Last week David Burrowes MP joined a cross party group of MPs, which also included Labour MP Yvette Cooper and Conservative MP Heidi Allen, in a visit to the so called Calais Jungle. It was arranged by Save the Children and focussed on the continued plight of lone chhild refugees, particularly those seeking family reunion in the UK. National media journalists also attended and their reports can be viewed here:
David Burrowes met with child refugees and British and French NGOs and volunteers and saw how progress in reuniting child refugees with families in the UK was still slow and left children vulnerable to violence and trafficking. Approximately 100 children with claims for family reunion to the UK live in the Calais Jungle and 30 are awaiting reunion having had their "take charge" applications accepted. He resolved to put further pressure on the Government to speed up the process and fulfill its commitment last February to provide places for child refugees at risk in Europe.
David Burrowes said " It is heartbreaking that in Calais a few minutes from British families queuing to go back to the UK over 100 lone child refugees are waiting many months to be reunited with families in the UK. We simply must do more to provide a safe passage and sanctuary for children who have had their family reunion claims accepted but are stuck in limbo for many weeks."
"These children are not living in a safe environment. There are no laws in the Calais jungle. Violence intimidation and exploitation are rife in the camp. The 17 year old Syrian refugee whom I spoke to had recently been injured in the cross fire of a fight between Afghan and Somali adults. He has no friends and no family in the camp and is frightened and alone as he waits to be reunited with his uncle and cousin in Willesden. I am pressing the Government to accept responsibility for these children and take all necesssary practical steps to reunite these vulnerable children with their families. I have a meeting with the Immigration Minister next Monday and will be presenting a package of recommendations from me and UNICEF and Save the Children to break the impasse and give these vulnerable children their refuge with their families in the UK. It will be a good test of the new Givernment's commitment to the vulnerable and disadvantaged."

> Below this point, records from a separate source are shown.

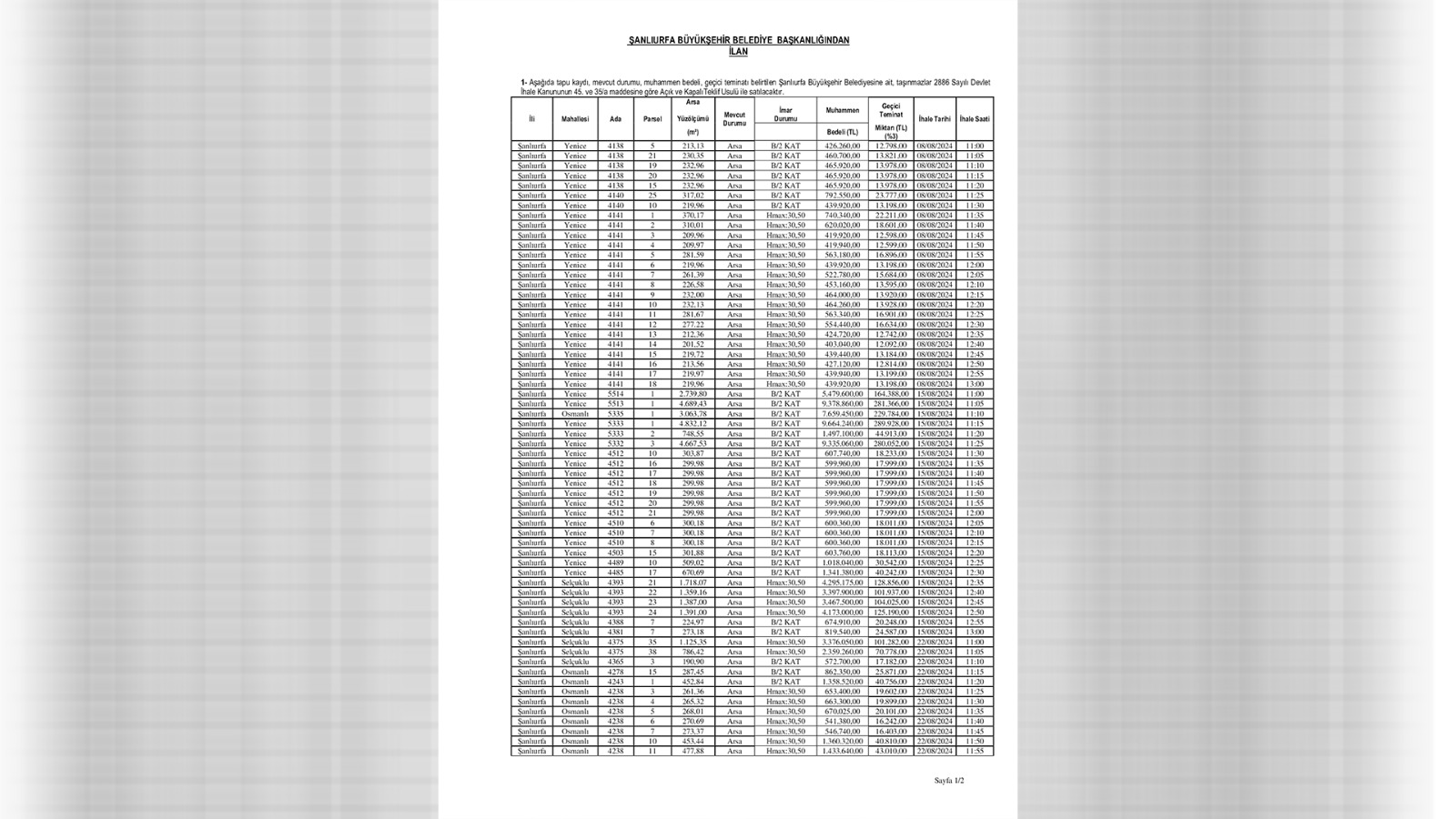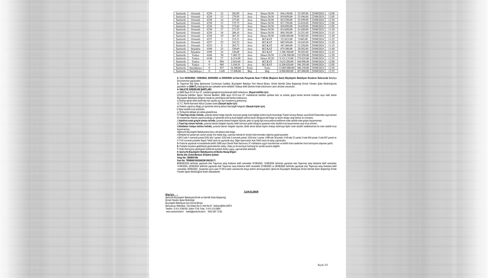 Söz konusu arsa satışlarına ihale 08.08. 2024, 15.08.2024, 22.08.2024 ve 29.08.2024 tarihlerinde Perşembe saat 11.00’da (Başlama Saati) Büyükşehir Belediyesi Encümen Salonunda Belediye Encümenince yapılacak.İhalede her parsel için zaman aralığı 5’er dakika olup, uzaması halinde bir önceki ihale bitmeden diğerine geçilmeyecek. Kaynak: Ajans Balıklıgöl
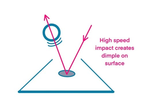 Shot peening helps to alleviate these micro cracks by inducing compressional stresses into the material surface to balance out the forces. As the shot media impacts the surface of the material, the tiny indentations cold work and plastically deform the material much like a blacksmith with a tiny hammer giving it millions of taps all over.
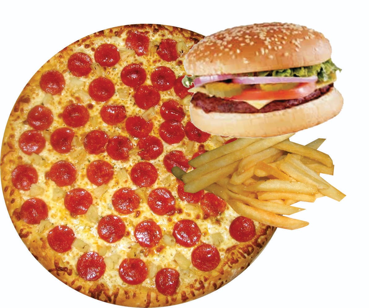 1 hamburguesas con papas fritas y 1 pizza grande ( 3 ingredientes a escoger )
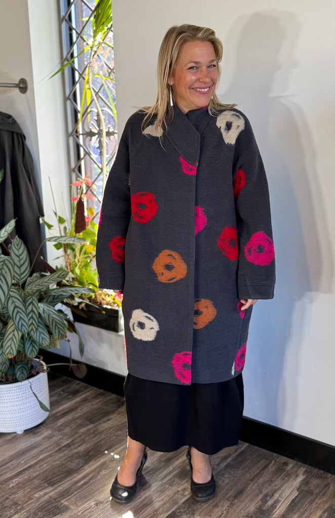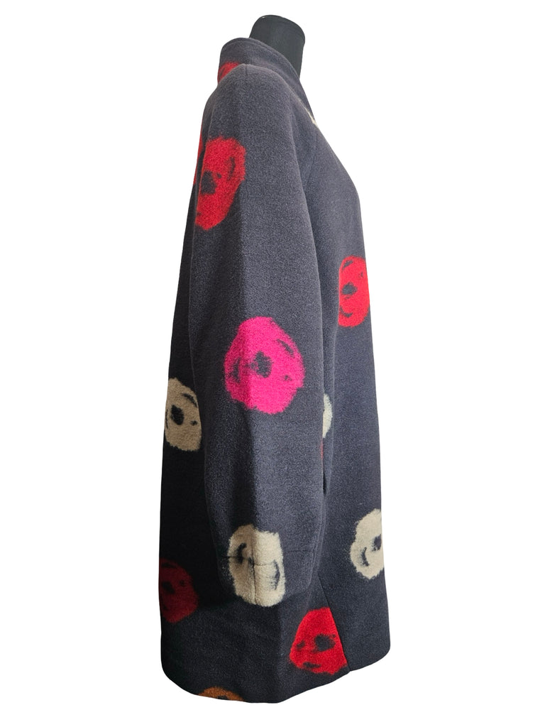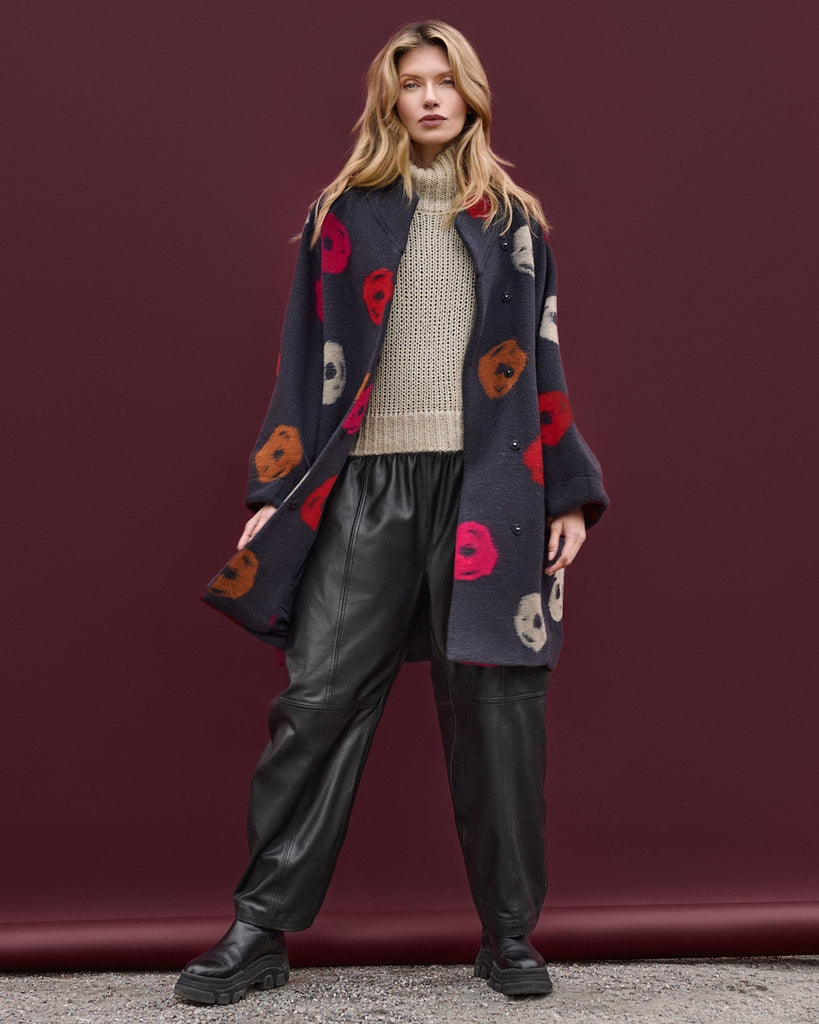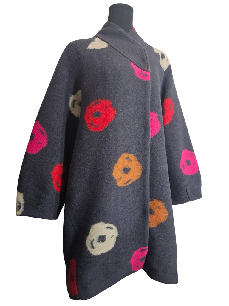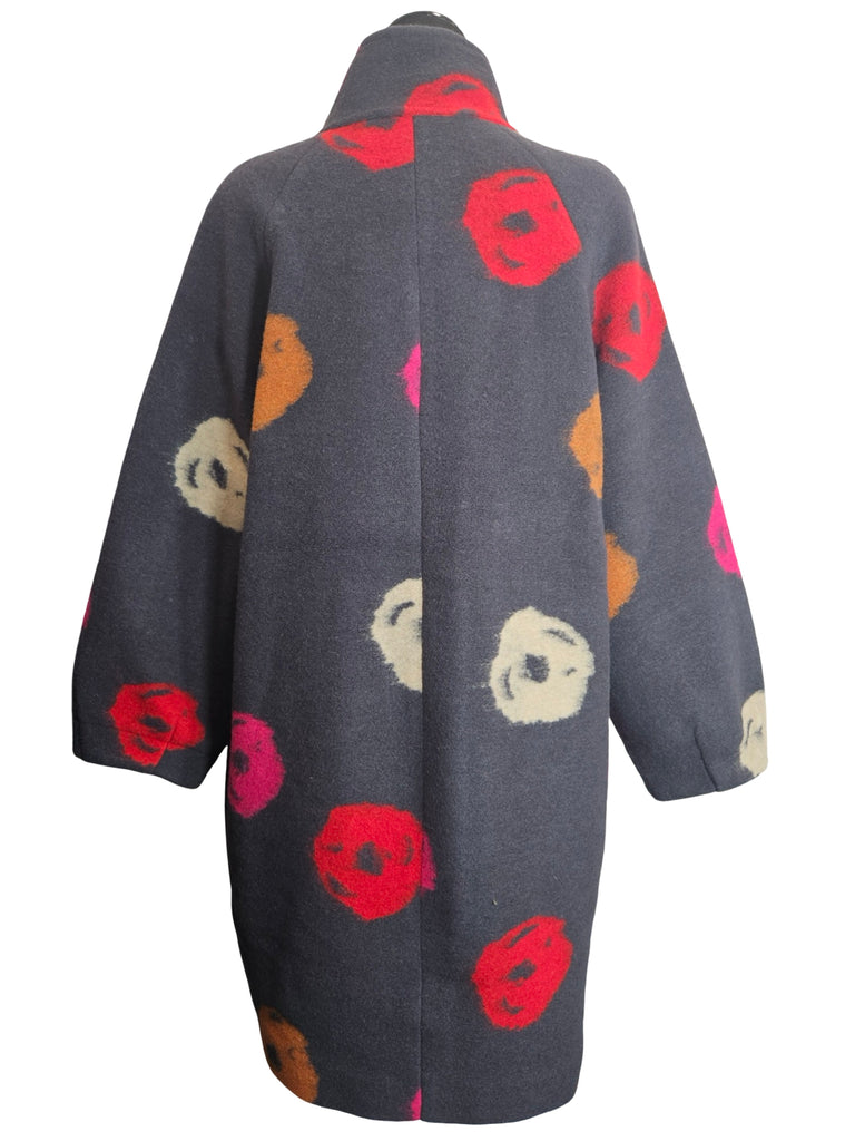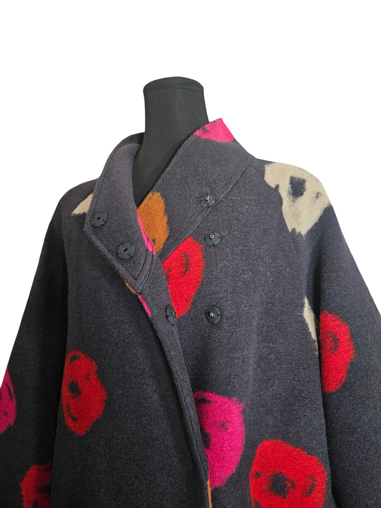 Thick and comfortable wool blend coat, featuring hidden snap closures, a back pleat detail, wrap collar, and a slight balloon silhouette.

"French politicians are busy jockeying for political positions to wash their hands of responsibility for refugees in the Calais jungle. But they should spend more time working with the UK Government to reunify child refugees with their families in the UK and provide more safety to vulnerable women and child refugees. The 72 places to be provided at a nearby centre by a French charity is too little and too late to deal with the scale of this human catastrophe. Less politics and more compassion is what is needed in Calais."